Using both the CTRL and META keys. "The command to burn all LEDs is double bucky F."
This term originated on the Stanford extended-ASCII keyboard, and was later taken up by users of the space-cadet keyboard at MIT. A typical MIT comment was that the Stanford bucky bits (control and meta shifting keys) were nice, but there weren't enough of them; you could type only 512 different characters on a Stanford keyboard. An obvious way to address this was simply to add more shifting keys, and this was eventually done; but a keyboard with that many shifting keys is hard on touch-typists, who don't like to move their hands away from the home position on the keyboard. It was half-seriously suggested that the extra shifting keys be implemented as pedals; typing on such a keyboard would be very much like playing a full pipe organ.
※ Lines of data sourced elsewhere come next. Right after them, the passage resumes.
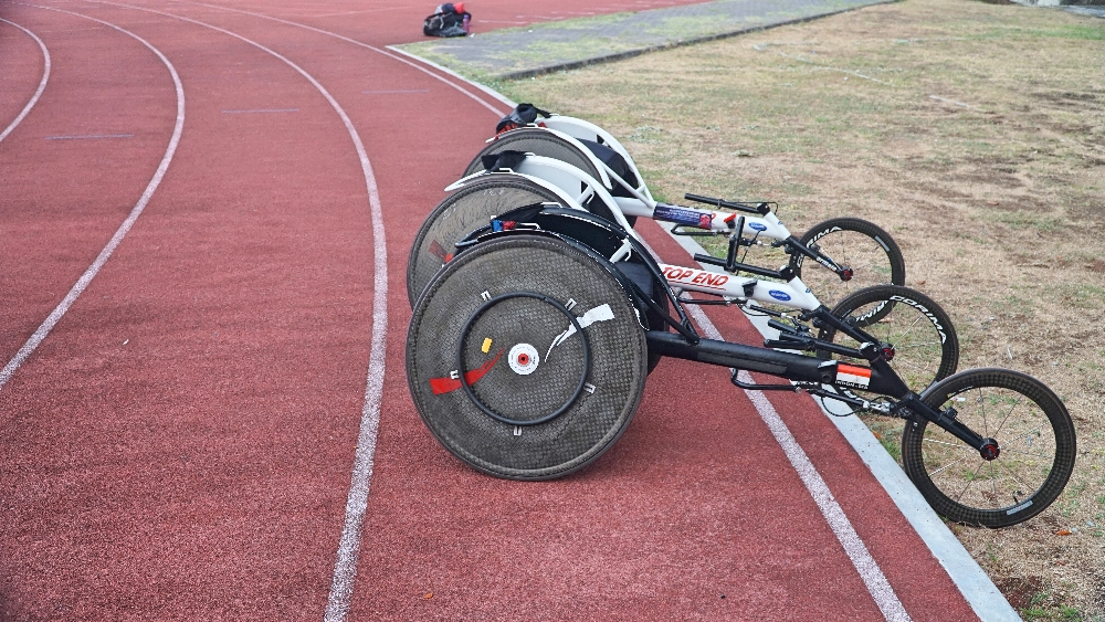 Kursi roda milik para atlet sudah dipersiapkan di tepi lapangan.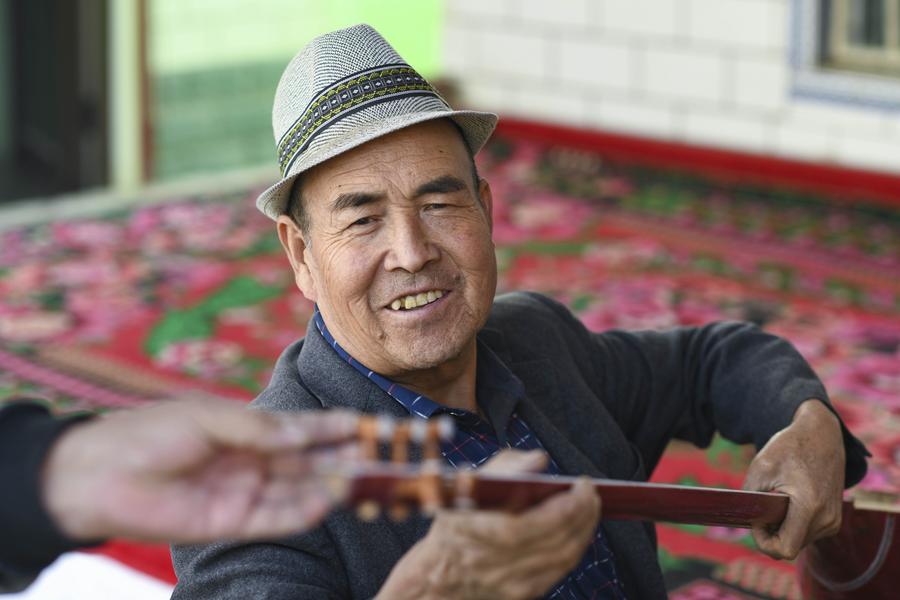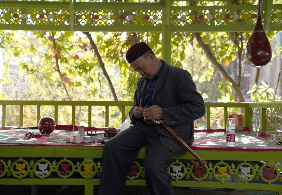 URUMQI, Nov. 14 (Xinhua) -- In a small courtyard dappled with light under a grape arbor, 65-year-old Nurdun Esmayil was making handmade folk musical instruments with his family and apprentices. Although he cannot read music, his keen ears have enabled him to make and play these instruments with precision.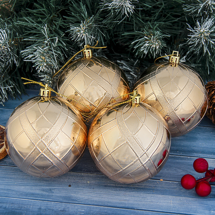 !09 Набор елочных шаров (набор 4 штуки) "Переплет" пластик d-8 см. цвет золотистый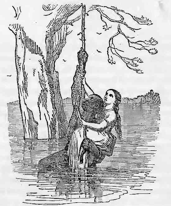 As their eyes became accustomed to the glare, the swimmers could make out that the fires were upon a sort of scaffold raised several feet above the water, and supported by the trunks of the trees. Other similar scaffolds could be seen, on which no fires had been kindled,—from the fact, no doubt, that their occupants were not yet astir.

This idea is mentioned in a parody of a very fine song by Jeffrey Moss called "Rubber Duckie", which was published in "The Sesame Street Songbook" (Simon and Schuster 1971, ISBN 0-671-21036-X). These lyrics were written on May 27, 1978, in celebration of the Stanford keyboard:
Double Bucky
Double bucky, you're the one! You make my keyboard lots of fun. Double bucky, an additional bit or two: (Vo-vo-de-o!) Control and meta, side by side, Augmented ASCII, nine bits wide! Double bucky! Half a thousand glyphs, plus a few! Oh, I sure wish that I Had a couple of Bits more! Perhaps a Set of pedals to Make the number of Bits four: Double double bucky! Double bucky, left and right OR'd together, outta sight! Double bucky, I'd like a whole word of Double bucky, I'm happy I heard of Double bucky, I'd like a whole word of you!
--- The Great Quux (with apologies to Jeffrey Moss)
[This, by the way, is an excellent example of computer filk --ESR] See also meta bit, cokebottle, and quadruple bucky.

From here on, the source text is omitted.